Naata Nungurrayi, from Kintore (Walungurru): Luke Scholes
Naata Nungurrayi was born deep in the Gibson Desert at the rock-hole site of Kumil, circa 1932. Together with members of her immediate family, Naata led a traditional bush life, travelling among the sandhills and clusters of rocky outcrops that erupt ceremoniously across the desert floor. The cycle of nomadic life continued until April 1964 when, in the midst of severe drought conditions, the family decided to join the growing migration of Pintupi people who had made their way to the government settlement of Papunya, some 500 kilometres to the east.
During their journey in to Papunya, Naata’s family was joined by another small family group which included Yala Yala Gibbs Tjungurrayi, his wife Ningura Napurrula and their family. Together they travelled nearly 400 kilometres to the foothills of Yamunturrngu (Mount Liebig). A Northern Territory Welfare Branch patrol led by Jeremy Long and Nosepeg Tjupurrula met the group there after spotting the smoke from their early morning fire.
The group arrived at Papunya during a particularly difficult period in the troubled settlement’s history. The ailing inhabitants, separated from their traditional land and source of food, were experiencing a significant increase in their already high mortality rate. Naata, along with her sister Nancy, began working in the community kitchen, where they helped provide
meals and rations.
In the dismal conditions that prevailed at Papunya, Naata would have witnessed the genesis of the Western Desert art movement in mid-1971, under the encouragement of school teacher Geoffrey Bardon. From this poor circumstance a miraculous period in Australian art emerged, one that expressed most vividly the Pintupi’s deep desire to return to their distant homelands in the west.

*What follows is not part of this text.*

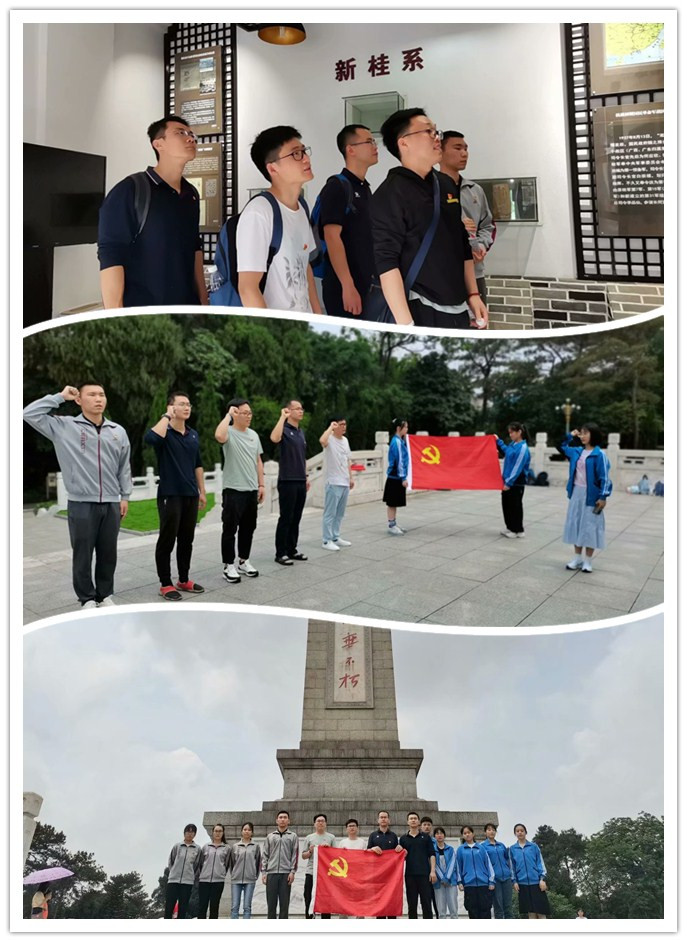 活动正式开始前,为了展示当代年轻人良好精神面貌,深入联系群众,宣传传统民族文化,支部党员和入党积极分子进行太极拳展示,和现场老人一起打太极,进行亲切的交流。然后支部师生一行分别在“镇宁炮台和“毛主席接见广西人民纪念馆”开展党史学习。通过一段段广西革命史,通过一张张宝贵照片,通过一件件历史物件,仿佛将在场师生重新带回到那段难忘而光荣的岁月,又重新见证那段峥嵘而辉煌的历史,无不受到极大鼓舞和激励。最后,我们前往革命纪念碑开展祭奠革命先烈活动,伴随着庄重的“哀曲”,先是全体人员默哀一分钟,党员代表讲话,向逝去革命烈士三鞠躬;随后全体成员依次向革命纪念碑献上小白花,同时瞻仰革命纪念碑,学习建碑的历史和意义;最后全体党员高举右手,庄严重温《入党誓词》。 作为当代大青年人,应该加强政治理论学习,积极加入党史学习教育,用党史来激励人、教育人、引导人、纯洁人,在党史中汲取力量,获取经验,淬炼意志,努力培养青年创新精神,不断提高政治觉悟,甘于奉献!

Initially, Naata and her family spent brief periods at the Pintupi outposts of Yaiayi and Waruwiya, approximately 50 kilometres west of Papunya. Once the settlements of Kintore (Walungurru) and Kiwirrkura were established in the early to mid-1980s, they were at last able to relocate closer to the country Naata had traversed in her early life.
Naata, along with a small group of women from Kintore and Kiwirrkura, began painting for Papunya Tula Artists in June 1996. Her brother George Tjungurrayi and son Kenny Williams Tjampitjinpa were already established painters for the company. Initially Naata was a reticent member of the women’s painting group, often sitting quietly beside her inseparable late sister Ngangi (Nancy Nungurrayi). She worked slowly on small compositions of lines and roundels that loosely reflected the classic Tingari paintings made famous by the male painters of Papunya Tula.
Naata, like many of the new women painters, began painting the sites and narratives that chart the vast tracts of country surrounding Kiwirrkura. Many early works depicted the rockhole site of Marrapinti, which is a pivotal destination in Pintupi life, where men and women gathered to have their septums pierced for ceremonial purposes. As Naata’s confidence grew, so too did her presence among the painters. She developed a unique iconography teeming with giant ‘U’ shapes, mollusclike forms depicting rocky outcrops and deep-etched lines representing the endless surrounding sandhills. She has emerged as an instinctive painter whose command of line, colour and form is immediate and breathtaking. Artist and art are rarely so inextricably linked, each a precious balance of cultural authority, artistic spontaneity, conviction and whim.
Few contemporary Aboriginal painters have sustained the attention of curators and collectors so feverishly. Naata has contributed to many major national and international exhibitions including Papunya Tula: Genesis and Genius at the Art Gallery of New South Wales in 2000 and the landmark 2009 exhibition in New York City, Nganana Tjungurringanyi Tjukurrpa Nintintjakitja – We Are Here Sharing Our Dreaming. A solo exhibition of her work appeared at the Papunya Tula Artists gallery in Alice Springs in 2011. Paintings by Naata have been acquired by the Art Gallery of New South Wales, the national Gallery of Victoria and the Museum and Art Gallery of the Northern Territory. She has been a regular exhibitor at the Telstra National Aboriginal & Torres Strait Islander Art Award and in 2002 her entry depicting the rockhole site of Marrapinti was highly commended by the judges.